By a similar argument this is larger than all possible real numbers. I encourage you to try to prove this for yourself!

(The Archimedean principle is that which guarantees that if you have any two real numbers, you can multiply the smaller by some natural number to become greater than the other. This is not true in the hyperreals. Why? (Hint: $\Omega$ breaks this if you consider a real number.))

How does this tie into calculus, exactly?

Well, we have a coherent way of defining infinitesimals!

The short answer is that we can define the star operator (also called the standard part operator) $\text{st}(x)$ as that which maps any hyperreal to its closest real counterpart. Then, the definition of a derivative becomes

$$f'(x) = \text{st}\left( \frac{^*f(x+\Delta x)- ^*f(x)}{\Delta x}\right)$$

where $\Delta x$ is some infinitesimal, and $^*f$ is the natural extension of $f$ to the hyperreals. More on this in a future blog post!

It also turns out the hyperreals have a bunch of really cool applications in fields far removed from analysis. Check out my expository paper on the intersection of nonstandard analysis and Ramsey theory for an example!

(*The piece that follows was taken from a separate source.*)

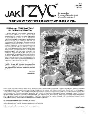NR 5 22 IV 2013 WROCŁAW NIEPERIODYCZNY ORGAN STOWARZYSZENIA MĘDRCÓW WROCŁAWSKICH Z SIEDZIBĄ W INSTYTUCIE „LITERATKA” PROLETARIUSZE WSZYSTKICH KRAJÓW KTOŚ WAS ZROBIŁ W WAŁA KULINARIA, CZYLI SŁÓW PARĘ OD GOŃCA NACZELNEGO Telewizje wszelkich maści i odcieni koncentrują się, przed świętami zwłaszcza, na sztuce kulinarnej. Dzięki temu bezrobotni i ich rodziny, w tym dzieci, mogą zobaczyć jak się piecze francuską kaczkę. Kaczka jest ciężkostrawna i nadmierne jej spożycie nie służy higienie odżywiania. Niedługo wszakże łaki i nasypy zazielenią się szczawiem, mleczem, lebiodą i innymi jarzynami co spowoduje, że My, Naród Polski napełnimy żołądki zdrową żywnością. Na deser mirabelki i ulęgałki, pod warunkiem, że nie dorwie nas rozwścieczony sadownik. Pod koniec XVIII wieku w kraju o nazwie Francja na posadzie królowej zatrudniona była niejaka Maria Antonina, która dowiedziawszy się, że bezrobotni paryżanie chcą żreć, a nie mają chleba, poradziła im (tym paryżanom), żeby jedli ciastka. Poddani nieco rozczarowali się radą królowej i po paru latach zawieźli ją drabiniastym wózkiem na Plac Rewolucji, gdzie przy pomocy gilotyny oddzielono Jej głowę od tułowia. Wniosek z tego, a nawet morał, że o kwestiach związanych z odżywianiem należy się wypowiadać z dyplomatyczną ostrożnością. Przy okazji informuję wszystkich uczestników strajków i rewolucji, że jak na razie, po każdym zwycięstwie jedynie słusznej sprawy, po okresie euforii i nadzieje, do władzy zawsze wracają królowie,prezydenci, prezesi albo nawet jakiś Józef Stalin. Cały goniec Stanisław Szelc Święta, święta i święta. Cały czas biało, smutno i szaro. Jak można napisać w takich warunkach tekst wesoły i urodziwy. Wychodzi tekst upierdliwy. Przecież od grudnia Bóg się rodzi i przedziera się przez śnieg. Wesołego Alleluja, nieźle nas tym roku buja. Wiadomo jednak, że gdy ukaże się piąty numer naszej gazety „Jak Rzyć”, słońce będzie świecić, a Wielkanoc będzie już tylko wspomnieniem. To przez nas ustalona nowa, świecka tradycja i dlatego nasza redakcja składa wszystkim czytelnikom najserdeczniejsze życzenia, Wesołego Jajka i miłości. Gdy jest miłość, rodzą się gorące uczucia i rozpuszczają śnieg, co w przypadku obecnych anomalii pogodowych jest bardzo pożądane. Poza tym, lepiej późno, niż wcale. Drogi czytelniku, zwróć uwagę na świąteczną kartkę, którą publikujemy. Przyjrzyj się uważnie, a zauważysz, że Jezus ma cztery stopy. Żaden to fotomontaż, oto przykład. jak Poczta Polska wyobraża sobie nowoczesne święta. Może te dodatkowe nogi wyrosły Jezuskowi od przedzierania się przez śnieg, kto wie? I na koniec cytat z „Ewangelii według kolorów 1234515, 50–51” 50. Rzekła przejęta Krupa do Dody: Na Woronicza ukazała się na szybie pieta. 51. Żachnęła się Doda: Żadna tam pieta, to Tadla nosi na rękach Kreta. vice goniec Maciej Żurawski 1 LEGENDY WROCŁAWIA I DOLNEGO ŚLĄSKA WESOŁEGO JAJKA! Bawiąc się jajeczkiem... Wróć! Łamiąc się jajeczkiem, tak sobie świątecznie dywaguję... Co było pierwsze – jajko czy kura?... Już starożytni Rzymianie... lubili zaczynać “ab ovo”, czyli “od jaja”. U nas też jeszcze w latach komuny dobrze było zdanie zacząć: „ja–ja–ko–były– partyzant...” A mówi się też np. “Ale jaja!” albo “Jaja jak berety!” Tzn.: “ale śmieszne!” Bardzo śmieszne. Nie ma sensu, ale z jajem. No bo co można zrobić z takim jajem?... Owszem, pisankę. A są różne szkoły. Widziałem w telewizji, że można malowane jajeczka skrobać brzytwą. Osobiście bym nie ryzykował i nie każdemu radzę, bo to trudna sztuka i trzeba dużo samozaparcia. A samozadowolenie już niekoniecznie. A już jak się omsknie, aj!... Nie, bez jaj. Można też polewać roztopionym woskiem (który, jak wiadomo, parzy!), a potem zdrapywać. Masakra! Można też zwyczajnie – malowanką, pędzelkowaniem; można w cebuli albo w burakach obgotować. Koloru nabierze, ale i stwardnieje. Bo musi być na twardo. Jaja intrygowały ludzi od zawsze. Intrygowały na dworach, w salonach i w alkowach. I jest to wynikiem atawistycznych ciągot. Z czegoś się to bierze. Nie twierdzę, że człowiek wykluł się z jaja... Ale mówi się: “Czy chcesz w dziób?!” albo “Zamknij dziób!” Albo się mówi: Chodzić spać z kurami. (Czy to nie jest zboczenie?) Mówi się, że człowiek ma szczątkową kość ogonową, w zaniku. (Niektórzy mają nie tylko ogon w zaniku, ale o tym się nie mówi.) Po co mu taki ogon? Zapytajcie “Ptaśka”. Ten sam motyw przechował się w przysłowiach i porzekadłach ludowych, np: „Jajko mądrzejsze od kury” albo „Lepiej stracić jajko niż kurę” (i tu bym polemizował!) Tak to w wyrażeniach językowych zapisana jest nasze jajcarskie pochodzenie. Człowiek jest urodzonym jajcarzem. Nie przypadkiem najmądrzejszych określa się mianem „jajogłowi”, najpodobniejsi są – jednojajowi, a najfajniejsi – dwujajowi. Można powiedzieć: z jajka powstałeś i... gdzie się obrócisz, wszędzie jaja. A co jeszcze można z takim jajeczkiem? Przede wszystkim, oczywiście, można stłuc jajeczko, ale kto raz sobie stłukł, ten wie, że to niemiłe. Trzeba więc uważać i – jak to mówią: obchodzić się z jajkiem jak z jajkiem. Bo nie odkryję Ameryki, jeśli powiem, że jajka są bardzo delikatne. Ale czasem taka ofiara jest konieczna. Np. Kolumb stłukł. Inaczej też nie odkryłby Ameryki. I tak przeszło do historii „jajko Kolumba”. Po prostu stłukł je i postawił na swoim. (Oczywiście – stole, nie jajeczku.) Ale, co tam! ja potrafię nie tylko jajko postawić, ale tak zrobić, że mnie się jajko odbija. Dwa dni czasem. Nie żeby było z gumy, ale źle trawię. Jednak tradycja każe, więc się umartwiam. A propos tej tradycji: podobno zwyczaj jedzenia jaj na twardo w święta Wielkan

Yet, the biggest effect I think this will have is pedadogical. I've always found the definition of a limit kind of unintuitive, and it was specifically invented to add post hoc coherence to calculus after it had been invented and used widely. I suspect that formulating calculus via infinitesimals in introductory calculus classes would go a long way to making it more intuitive.